--- Task to complete ---
Your task is to transcribe the lines from the start of the data below through the line containing "зачарованный лес, магия, светящиеся", inclusive, exactly as they stand and without the pictures.

---------- Exercise data

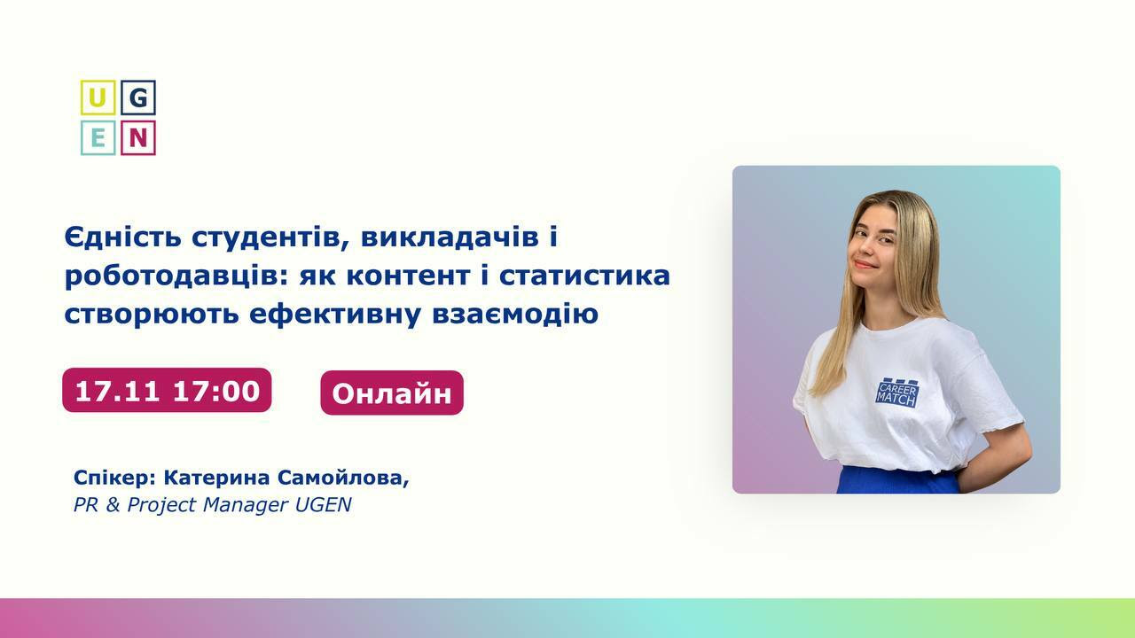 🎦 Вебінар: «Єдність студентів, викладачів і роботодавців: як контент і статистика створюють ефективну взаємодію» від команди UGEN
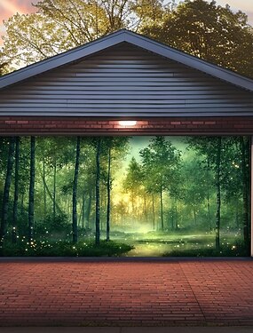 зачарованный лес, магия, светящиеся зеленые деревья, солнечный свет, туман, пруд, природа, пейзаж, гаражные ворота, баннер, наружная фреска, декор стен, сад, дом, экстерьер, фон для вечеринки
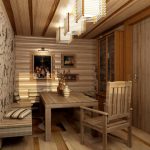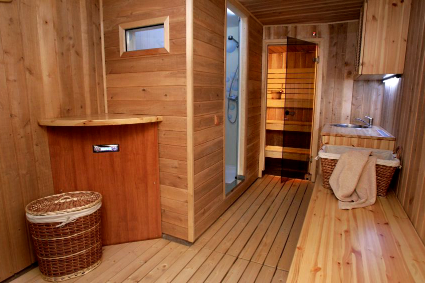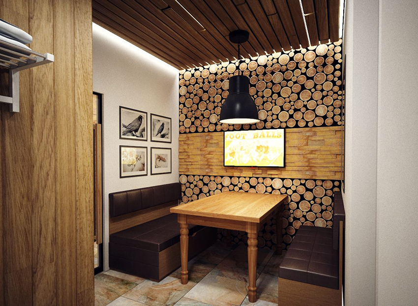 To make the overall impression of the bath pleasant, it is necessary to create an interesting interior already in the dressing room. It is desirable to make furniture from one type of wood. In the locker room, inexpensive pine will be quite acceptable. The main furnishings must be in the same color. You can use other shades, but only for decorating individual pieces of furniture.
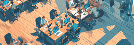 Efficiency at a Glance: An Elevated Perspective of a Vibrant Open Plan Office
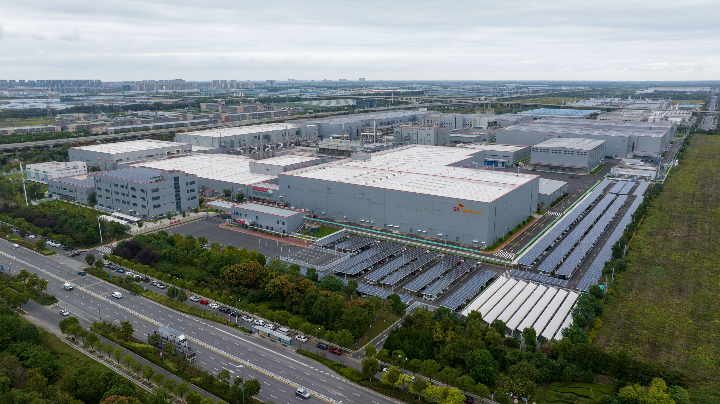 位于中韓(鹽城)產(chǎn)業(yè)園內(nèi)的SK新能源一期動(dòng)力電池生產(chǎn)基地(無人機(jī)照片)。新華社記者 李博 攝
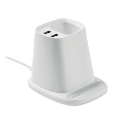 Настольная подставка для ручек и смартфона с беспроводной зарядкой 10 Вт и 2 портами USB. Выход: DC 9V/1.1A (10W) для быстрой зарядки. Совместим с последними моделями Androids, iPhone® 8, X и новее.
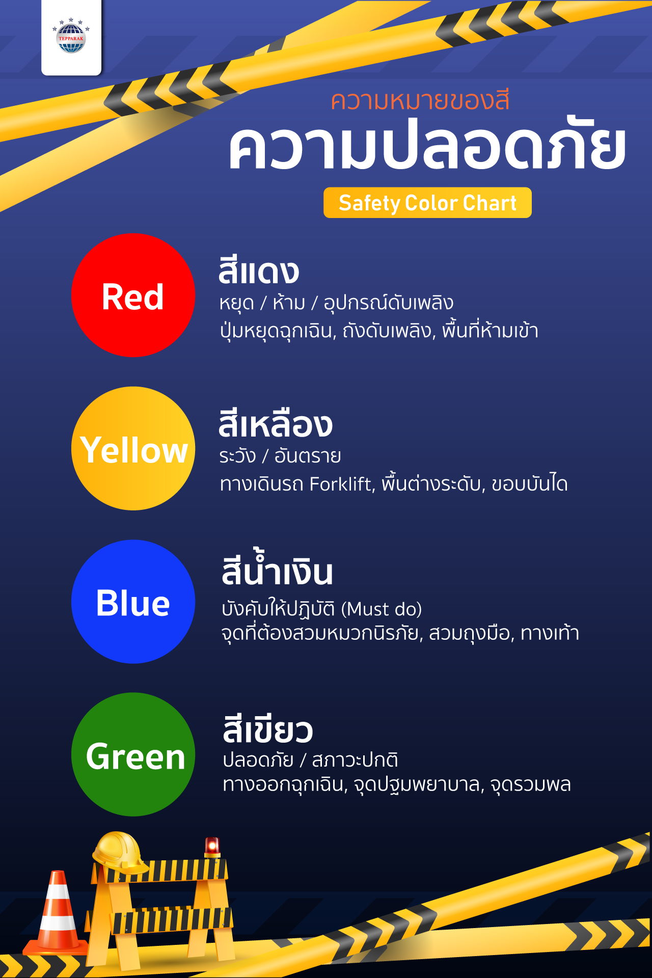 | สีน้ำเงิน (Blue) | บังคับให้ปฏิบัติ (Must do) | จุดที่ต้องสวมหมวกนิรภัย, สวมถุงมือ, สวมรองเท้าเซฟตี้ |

--------------------

--- Answer to this exercise ---
 🎦 Вебінар: «Єдність студентів, викладачів і роботодавців: як контент і статистика створюють ефективну взаємодію» від команди UGEN
 зачарованный лес, магия, светящиеся зеленые деревья, солнечный свет, туман, пруд, природа, пейзаж, гаражные ворота, баннер, наружная фреска, декор стен, сад, дом, экстерьер, фон для вечеринки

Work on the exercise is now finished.